ABOUT THIS EXERCISE: Both the line below containing "A partir de" and the line containing "С 18 на 19 января", along with every line between them, should be repeated exactly; no other line belongs in the answer.

DATA TO PROCESS:
━━━━━━━━━━

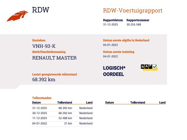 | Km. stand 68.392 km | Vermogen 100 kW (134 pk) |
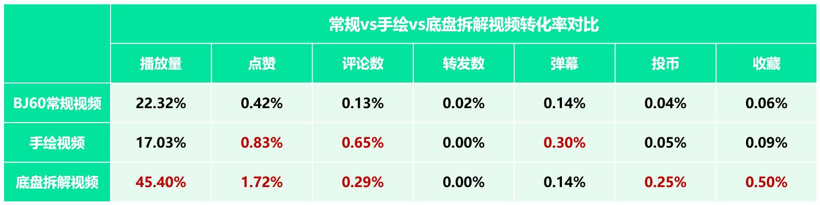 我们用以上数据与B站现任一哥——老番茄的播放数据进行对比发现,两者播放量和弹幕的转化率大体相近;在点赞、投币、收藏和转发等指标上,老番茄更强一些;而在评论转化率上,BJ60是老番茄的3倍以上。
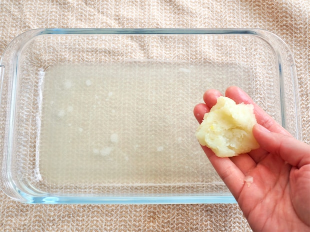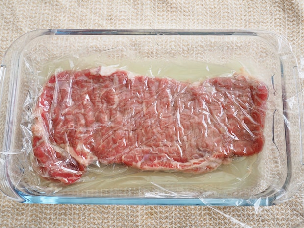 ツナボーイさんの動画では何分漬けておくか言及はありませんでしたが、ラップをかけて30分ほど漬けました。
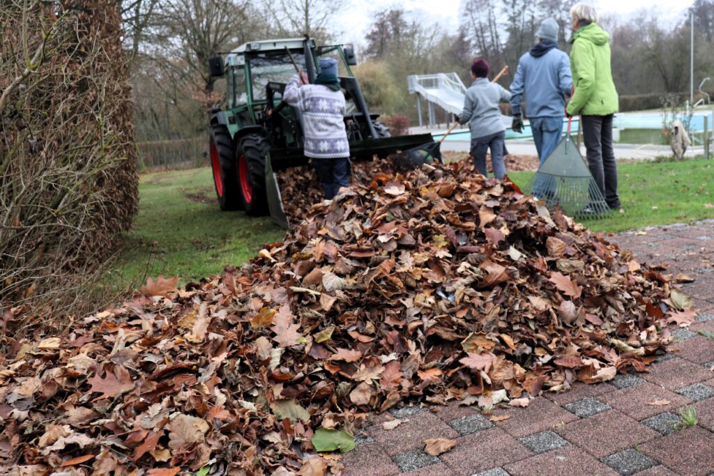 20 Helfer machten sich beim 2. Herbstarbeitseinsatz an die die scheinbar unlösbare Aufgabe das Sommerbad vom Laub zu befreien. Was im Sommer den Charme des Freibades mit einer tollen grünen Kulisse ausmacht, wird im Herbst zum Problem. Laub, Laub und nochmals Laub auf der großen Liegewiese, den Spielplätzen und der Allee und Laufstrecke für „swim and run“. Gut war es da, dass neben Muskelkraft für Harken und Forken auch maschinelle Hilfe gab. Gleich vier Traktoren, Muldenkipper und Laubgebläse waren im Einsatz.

━━━━━━━━━━

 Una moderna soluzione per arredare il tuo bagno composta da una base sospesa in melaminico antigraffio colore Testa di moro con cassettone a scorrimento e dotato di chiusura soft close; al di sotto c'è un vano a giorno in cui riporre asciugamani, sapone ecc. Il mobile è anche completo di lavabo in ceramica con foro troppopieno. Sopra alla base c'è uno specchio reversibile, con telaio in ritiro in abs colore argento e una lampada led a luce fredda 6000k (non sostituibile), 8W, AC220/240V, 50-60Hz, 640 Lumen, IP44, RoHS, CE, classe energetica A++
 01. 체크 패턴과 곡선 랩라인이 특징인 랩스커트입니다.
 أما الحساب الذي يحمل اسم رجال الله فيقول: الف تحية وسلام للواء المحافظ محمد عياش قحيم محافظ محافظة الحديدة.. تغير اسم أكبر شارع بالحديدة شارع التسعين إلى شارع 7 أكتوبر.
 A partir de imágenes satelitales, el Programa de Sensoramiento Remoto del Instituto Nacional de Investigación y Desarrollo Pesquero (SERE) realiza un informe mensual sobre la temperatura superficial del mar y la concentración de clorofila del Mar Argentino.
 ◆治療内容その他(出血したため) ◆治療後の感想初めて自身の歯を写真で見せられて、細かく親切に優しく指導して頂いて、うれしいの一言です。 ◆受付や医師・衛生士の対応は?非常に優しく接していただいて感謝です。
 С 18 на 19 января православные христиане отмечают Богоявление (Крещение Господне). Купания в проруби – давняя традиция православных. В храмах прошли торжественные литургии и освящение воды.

━━━━━━━━━━

REPLY TO THE TASK:
 A partir de imágenes satelitales, el Programa de Sensoramiento Remoto del Instituto Nacional de Investigación y Desarrollo Pesquero (SERE) realiza un informe mensual sobre la temperatura superficial del mar y la concentración de clorofila del Mar Argentino.
 ◆治療内容その他(出血したため) ◆治療後の感想初めて自身の歯を写真で見せられて、細かく親切に優しく指導して頂いて、うれしいの一言です。 ◆受付や医師・衛生士の対応は?非常に優しく接していただいて感謝です。
 С 18 на 19 января православные христиане отмечают Богоявление (Крещение Господне). Купания в проруби – давняя традиция православных. В храмах прошли торжественные литургии и освящение воды.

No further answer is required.